Уезжали с росой, на ранней зорьке. Женя просыпался позже всех: дальняя дорога, которой он радовался с вечера, заспанному была нежеланной. «Вставай, сынок, вставай, — толкала мать, обычно дававшая понежиться, — вставай, там доспишь». Никто потом его так не жалел, и никогда не звучал так ласково голос. Сама она вроде бы и не спала. Удивительно, когда вообще спят русские женщины. Всю юность поражала его женская неутомимость. Куда бы ни поспешил — всюду впереди тебя были женщины.
Еще не доили коров, и солнце еще тонуло где-то в море на востоке. Никита Иванович, тяпнув для бодрости стаканчик, орал: «Ой вы гуси, гуси молоды-ыя-я» — и, посадив мать в кабину, лез в кузов к ребятам. «А веревку ты взял? — спрашивала Физа Антоновна. — Держите бидончик крепче, молоко выльется».
— Ой вы гуси, гуси молодыя!
Вот никогда уже не повторится это, по собраться им вместе не только в такое утро перед покосом, но и вообще в доме. Женя долго видел детскими глазами поэзию там, где взрослые просто жили, старались и торопили дни. О чем он жалел? О своих годах? О возрасте, когда обо всем только догадываешься? О простоте душевной, которую он потерял, или, наконец, о дороге за Криводановкой и трех тополях, одиноких на зеленой равнине, возникавших вдалеке то слева, то справа, манивших к себе, да так и пропавших?
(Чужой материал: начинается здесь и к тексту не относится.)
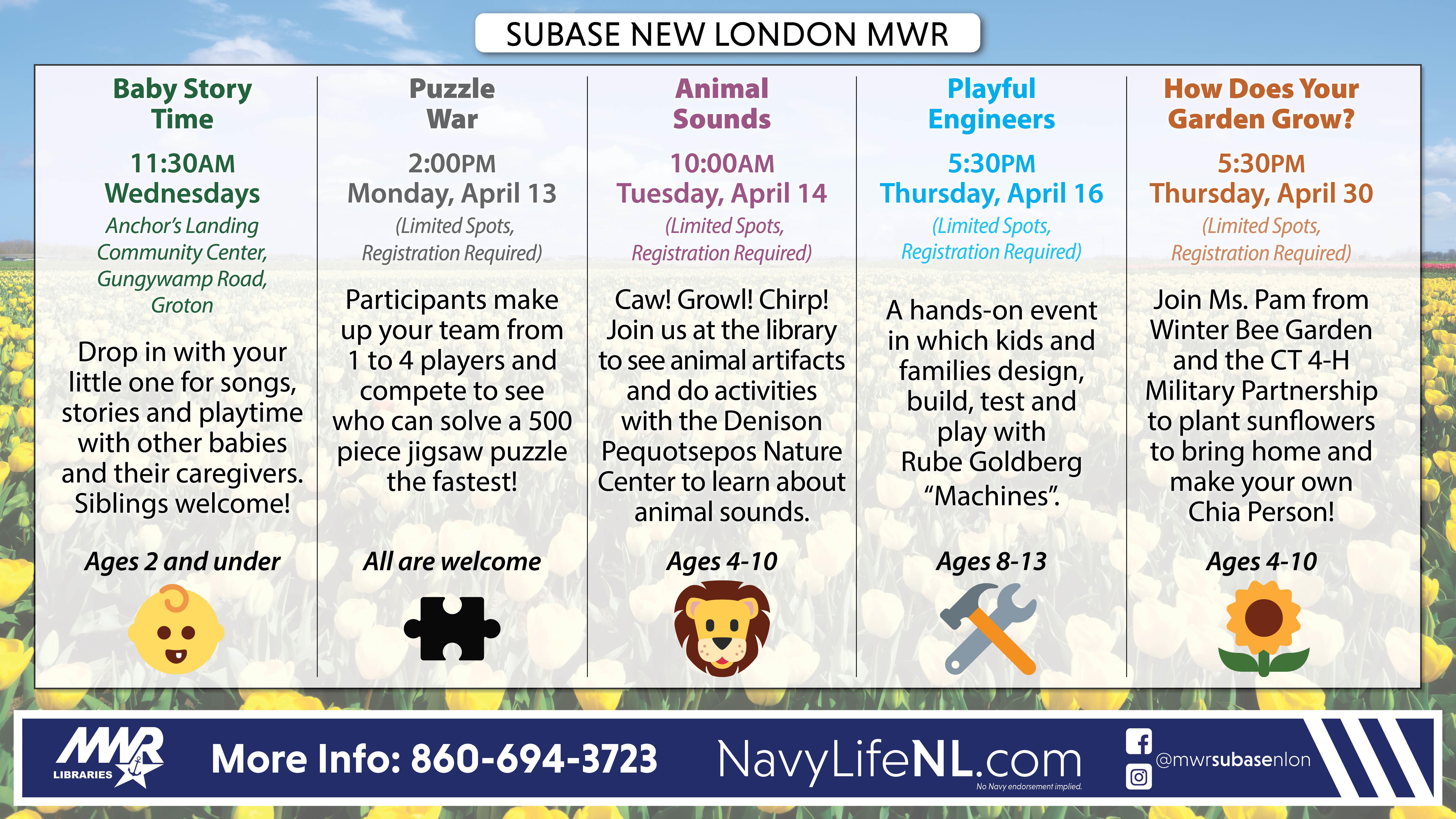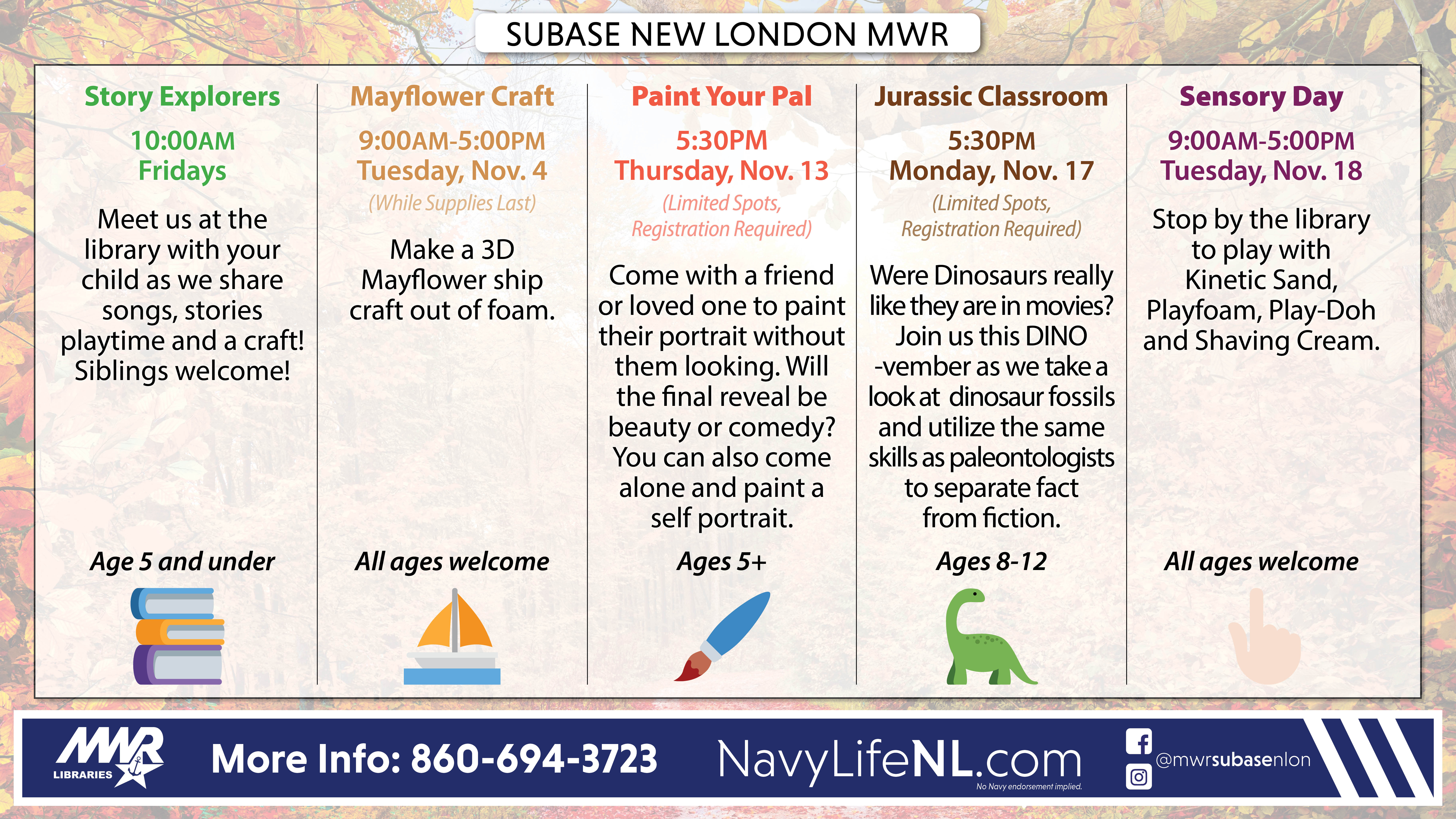 SUBASE Library is known for its wide variety of programs for all ages, including the Summer Reading Program, United Through Reading, storytimes and so much more. The Library has two more spaces, the conference room and multi-purpose room, which are great for FRGs, training, homeschool meet-ups, meetings and many Library programs and events. Call us or stop by to reserve the room! 860-694-3723

На пути их стояла древняя Колывань. Падали от ее домов луговые тропы к большой реке, зноем дымились леса, конца-краю не было зеленому сибирскому небу. Жизнь обещала заглохнуть за последними рядами деревни, за стадами коров и полянок, но детское воображение ошибалось: под горою, точно прибитая, темнела на голубой воде облинявшая пристань.
— Ну, бабоньки, — говорил Никита Иванович в кузове деревенским пассажирам, — на бензинчик, на бензинчик. Дорого не берем, брали бы больше, да милиция не позволяет. По рубчику с рыла.
Женя и Толик отворачивались, стыдно же было просить за провоз на казенной машине. Отец весело ждал, пока бабки и женщины развязывали платочки с мелочью, и все приговаривал что-то про невесту, которую кто-нибудь подыскал бы ему для ребят.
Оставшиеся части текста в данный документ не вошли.